2.7.2 Dose–response network Meta-analysis
A model-based network meta-analysis (MBNMA) within a random-effects Bayesian framework was employed to investigate the dose–response relationship between different exercise modalities and depressive symptoms in postmenopausal women (Mawdsley et al., 2016). We first verified the assumptions of transitivity (Higgins et al., 2012), consistency (Wheeler et al., 2010), and network connectivity (Ter Veer et al., 2019) (see Appendix 9). Due to the variety of depression scales used, the standardized mean difference (SMD) with 95% credible intervals (CrI) was used as the measure of effect size. Among the alternative dose–response models considered (e.g., Emax, restricted cubic splines, and non-parametric models), a second-order (quadratic) polynomial model demonstrated the best fit based on the Deviance Information Criterion (DIC), between-study variance, parameter estimates, and residual error (Evans, 2019) (Appendix 10). This quadratic random-effects framework is particularly adept at modeling non-linear relationships, especially in contexts involving duration and intensity dependencies. By extracting the beta coefficients from this model, we identified the exercise dose threshold required to induce a significant change in depression scores and generated dose–response plots. Subsequently, interventions were ranked based on the sensitivity of symptom improvement to their modality and dose (Mawdsley et al., 2016). The MBNMA and dose–response analyses were conducted using the ‘MBNMAdose’ package (version 4.3.1) in R, and the dose–response plots were generated and optimized using the ‘ggplot2’ package.
2.7.3 Sensitivity analysis and network Meta-regression
To assess the robustness of the findings and explore potential effect modifiers, we conducted additional sensitivity and meta-regression analyses. First, to address measurement uncertainty in unsupervised settings, we performed a sensitivity analysis on the dose–response relationship by restricting the dataset to studies with full or hybrid supervision. Second, network meta-regression was utilized to evaluate the influence of supervision status and mean participant age on the intervention efficacy.
3 Results
3.1 Study selection and characteristics
The initial electronic search yielded 1,239 studies. After removing 418 duplicate entries, we screened the titles and abstracts of 824 articles. From this screening, the full texts of 86 studies were assessed for eligibility. Following a detailed review, 53 trials were excluded for various reasons. Ultimately, 33 trials were included in our meta-analysis (Figure 1). The network diagram of all paired comparisons is shown in Figure 2. Across the 33 included studies, a total of 2,607 participants were evaluated. The intervention durations ranged from 3 to 48 weeks, with frequencies varying from 3 to 5 sessions per week.
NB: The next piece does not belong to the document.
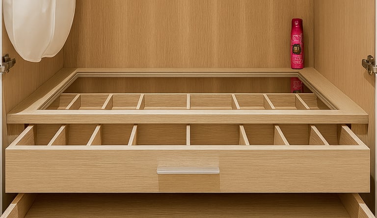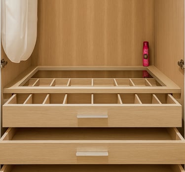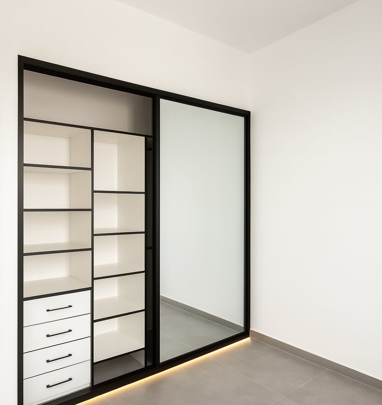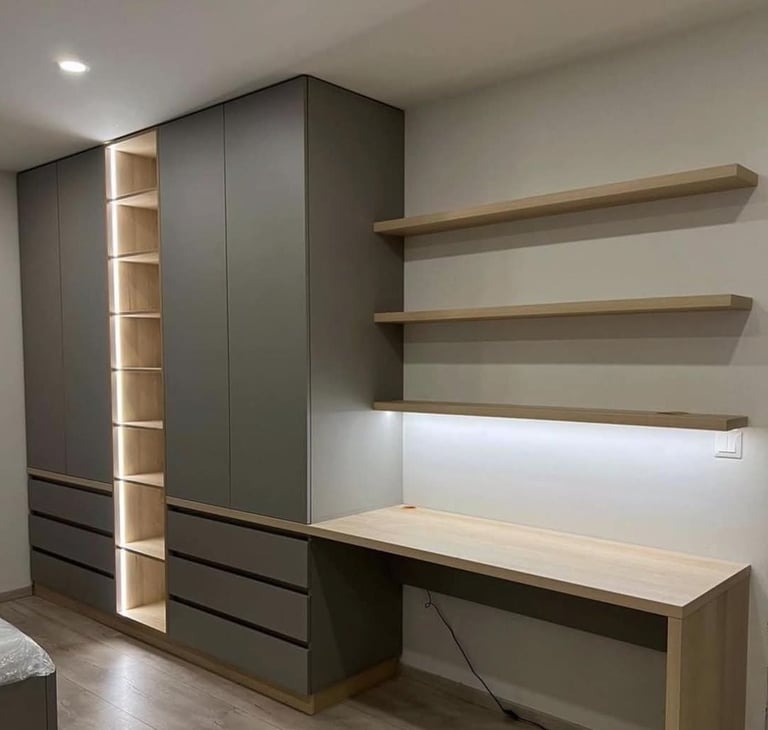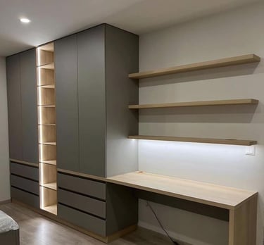 Whether you desire walk-in closets, built-in wardrobes, or sliding-door systems, we provide a comprehensive range of options designed to maximise your storage efficiency. With meticulous attention to detail, premium-quality materials, and precise craftsmanship, our wardrobes not only enhance your interior aesthetics but also deliver practical, organised functionality.

The included studies examined the effects of different exercise interventions: 18 studies investigated AE, 4 investigated CBE, 12 investigated MBE, and 3 investigated RE. Detailed characteristics of all included studies are available in Appendix 1. Depressive symptoms were assessed using validated scales, with the most frequently utilized instruments being the Beck Depression Inventory (BDI), the Hamilton Depression Rating Scale (HAMD), and the Geriatric Depression Scale (GDS). Based on the baseline scores reported in the included studies, participants generally presented with mild-to-moderate depressive symptoms or were identified as being at risk for depression.
3.2 Risk of Bias and certainty of evidence
Among the 33 studies included in this meta-analysis, three were assessed as having a high risk of bias, 24 had some concerns, and six had a low risk of bias. Detailed information on the risk of bias assessment is presented in Appendix 3. Due to issues of uncertainty and potential bias, the overall quality of evidence for this review was rated as very low to moderate. A summary of the findings is provided in Appendix 7.
3.3 Network Meta-analysis
A total of 33 studies involving 2,607 participants were included in the NMA comparing the efficacy of AE, CBE, MBE, and RE for improving depressive symptoms. Compared with the control group, all four exercise modalities significantly reduced depression scores: AE (SMD = −0.67, 95% CI: −0.93 to −0.42), CBE (SMD = −0.63, 95% CI: −1.19 to −0.06), MBE (SMD = −0.75, 95% CI: −1.07 to −0.43), and RE (SMD = −0.90, 95% CI: −1.61 to −0.20) (Figure 3).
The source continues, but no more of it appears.